>>>>
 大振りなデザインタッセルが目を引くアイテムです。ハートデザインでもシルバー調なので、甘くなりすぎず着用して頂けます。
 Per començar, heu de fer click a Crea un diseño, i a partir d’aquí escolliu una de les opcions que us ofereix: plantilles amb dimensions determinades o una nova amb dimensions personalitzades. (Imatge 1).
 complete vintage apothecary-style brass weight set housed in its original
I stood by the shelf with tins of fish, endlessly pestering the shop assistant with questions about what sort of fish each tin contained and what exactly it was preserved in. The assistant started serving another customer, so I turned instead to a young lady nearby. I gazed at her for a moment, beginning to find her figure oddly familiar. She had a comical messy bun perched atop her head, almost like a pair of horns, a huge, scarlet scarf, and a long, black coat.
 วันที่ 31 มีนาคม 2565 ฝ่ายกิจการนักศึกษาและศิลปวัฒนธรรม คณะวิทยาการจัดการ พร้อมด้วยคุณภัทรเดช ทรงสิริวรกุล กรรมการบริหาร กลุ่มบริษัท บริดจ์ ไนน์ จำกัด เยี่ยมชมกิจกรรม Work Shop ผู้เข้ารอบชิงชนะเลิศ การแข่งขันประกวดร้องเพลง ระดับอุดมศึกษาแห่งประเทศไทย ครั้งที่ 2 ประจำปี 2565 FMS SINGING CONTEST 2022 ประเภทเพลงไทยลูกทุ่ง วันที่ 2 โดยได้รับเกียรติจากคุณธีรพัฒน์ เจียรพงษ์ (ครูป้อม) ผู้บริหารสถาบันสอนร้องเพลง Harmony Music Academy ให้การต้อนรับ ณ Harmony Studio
<<<<
>>>>
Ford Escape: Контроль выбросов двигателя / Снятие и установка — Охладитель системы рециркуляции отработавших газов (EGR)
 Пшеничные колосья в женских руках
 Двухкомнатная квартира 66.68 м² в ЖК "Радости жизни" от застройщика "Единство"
<<<<
>>>>
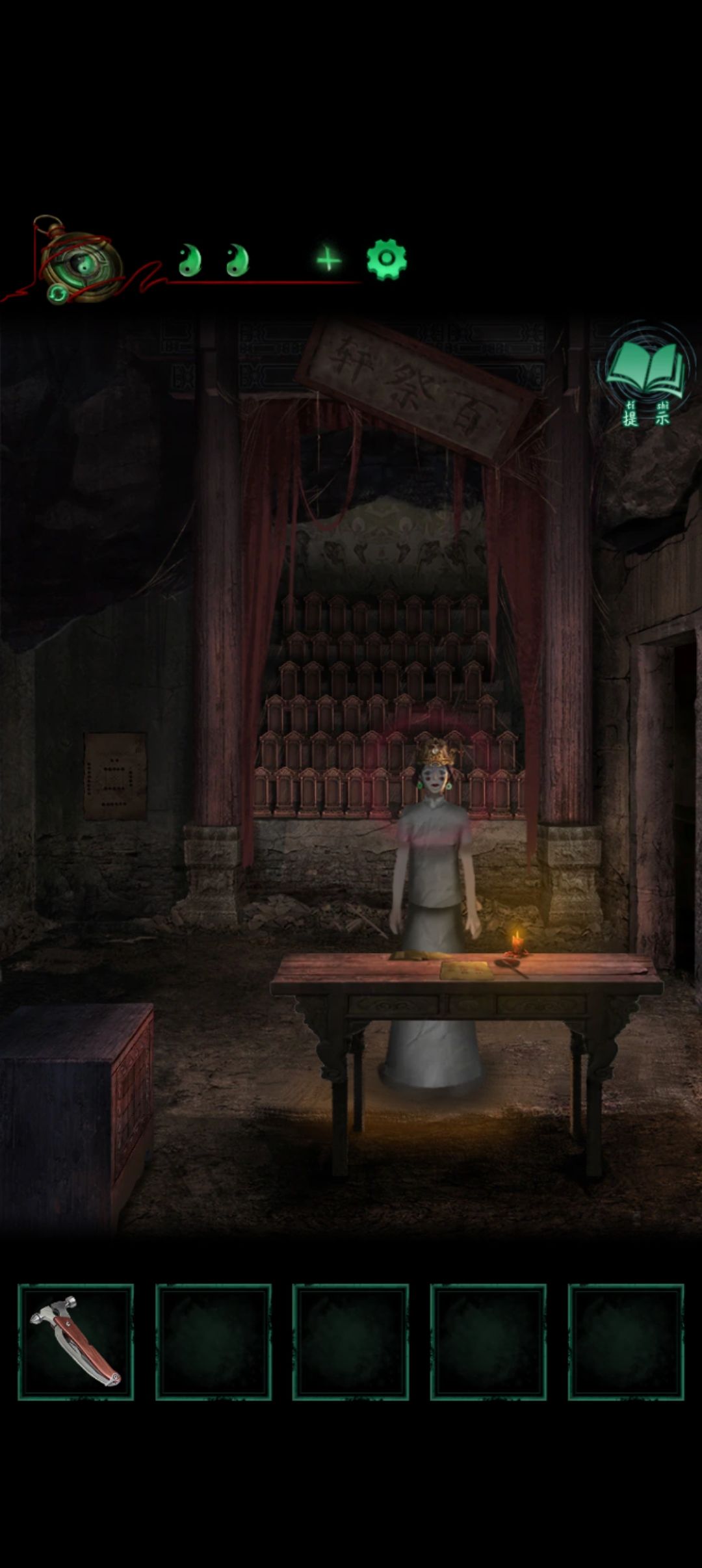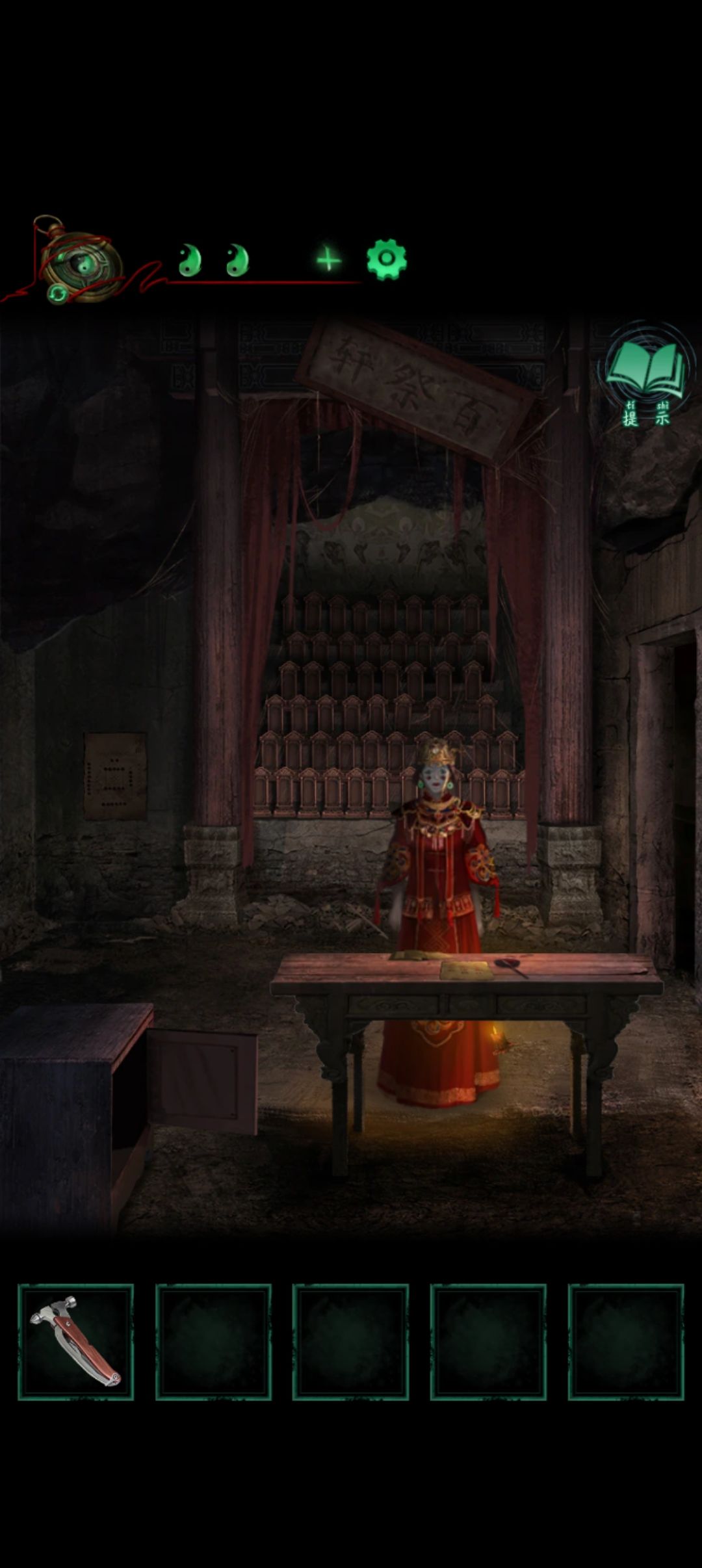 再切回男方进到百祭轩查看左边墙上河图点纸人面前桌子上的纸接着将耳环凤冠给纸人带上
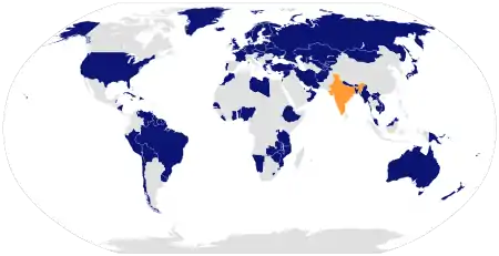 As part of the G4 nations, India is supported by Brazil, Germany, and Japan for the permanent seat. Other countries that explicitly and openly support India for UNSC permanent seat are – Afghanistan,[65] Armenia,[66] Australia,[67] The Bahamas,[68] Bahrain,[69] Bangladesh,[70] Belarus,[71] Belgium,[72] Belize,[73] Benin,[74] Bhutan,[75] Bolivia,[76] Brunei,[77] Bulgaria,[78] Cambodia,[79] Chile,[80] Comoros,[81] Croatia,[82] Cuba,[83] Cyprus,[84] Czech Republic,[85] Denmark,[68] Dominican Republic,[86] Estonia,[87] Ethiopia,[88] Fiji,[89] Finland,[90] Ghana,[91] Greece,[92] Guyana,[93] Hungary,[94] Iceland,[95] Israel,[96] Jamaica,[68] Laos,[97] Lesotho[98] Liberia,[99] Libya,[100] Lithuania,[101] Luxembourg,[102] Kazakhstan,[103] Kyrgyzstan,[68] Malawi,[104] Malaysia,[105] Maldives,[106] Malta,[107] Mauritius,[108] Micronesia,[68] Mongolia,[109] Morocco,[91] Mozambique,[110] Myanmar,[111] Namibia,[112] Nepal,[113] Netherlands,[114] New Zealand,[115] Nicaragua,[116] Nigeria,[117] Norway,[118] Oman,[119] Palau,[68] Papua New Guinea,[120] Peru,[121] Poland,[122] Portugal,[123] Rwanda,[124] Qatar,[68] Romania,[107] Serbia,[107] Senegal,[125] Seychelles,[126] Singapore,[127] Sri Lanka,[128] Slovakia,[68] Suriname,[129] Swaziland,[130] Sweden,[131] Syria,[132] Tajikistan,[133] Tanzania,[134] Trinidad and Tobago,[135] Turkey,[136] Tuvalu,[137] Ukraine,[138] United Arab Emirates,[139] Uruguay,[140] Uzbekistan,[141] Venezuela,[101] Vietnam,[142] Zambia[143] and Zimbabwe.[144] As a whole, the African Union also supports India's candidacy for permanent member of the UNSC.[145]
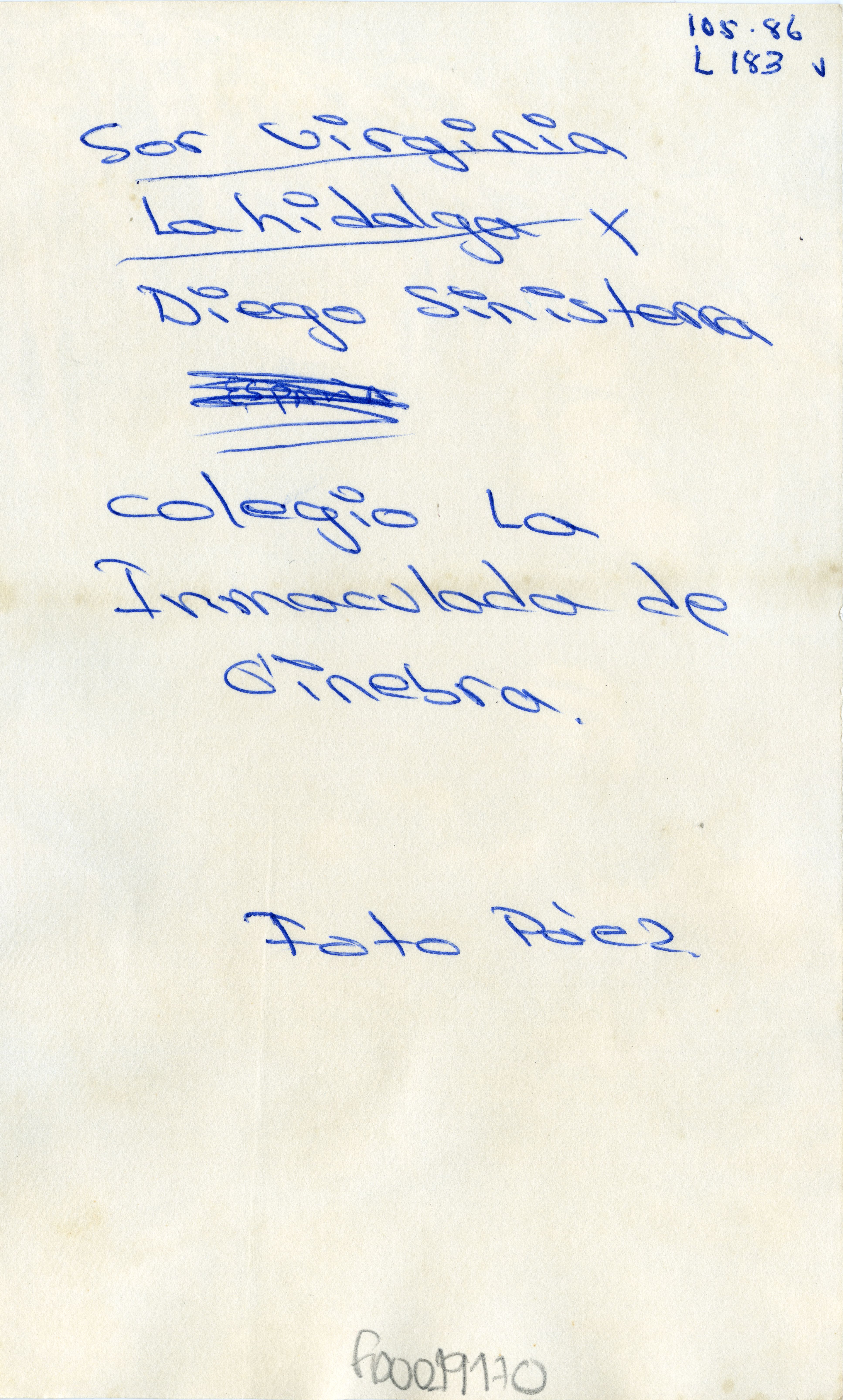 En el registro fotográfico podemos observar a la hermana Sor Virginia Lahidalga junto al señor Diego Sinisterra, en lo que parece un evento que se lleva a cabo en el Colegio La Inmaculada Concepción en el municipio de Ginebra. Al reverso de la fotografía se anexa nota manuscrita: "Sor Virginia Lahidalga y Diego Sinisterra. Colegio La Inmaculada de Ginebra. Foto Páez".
<<<<
• **What you should do**
Of the entries above, repeat exactly the lines between the line with "大振りなデザインタッセルが目" and the line with "complete vintage apothecary-style", inclusive, and no others.

• **Result of this task**
 大振りなデザインタッセルが目を引くアイテムです。ハートデザインでもシルバー調なので、甘くなりすぎず着用して頂けます。
 Per començar, heu de fer click a Crea un diseño, i a partir d’aquí escolliu una de les opcions que us ofereix: plantilles amb dimensions determinades o una nova amb dimensions personalitzades. (Imatge 1).
 complete vintage apothecary-style brass weight set housed in its original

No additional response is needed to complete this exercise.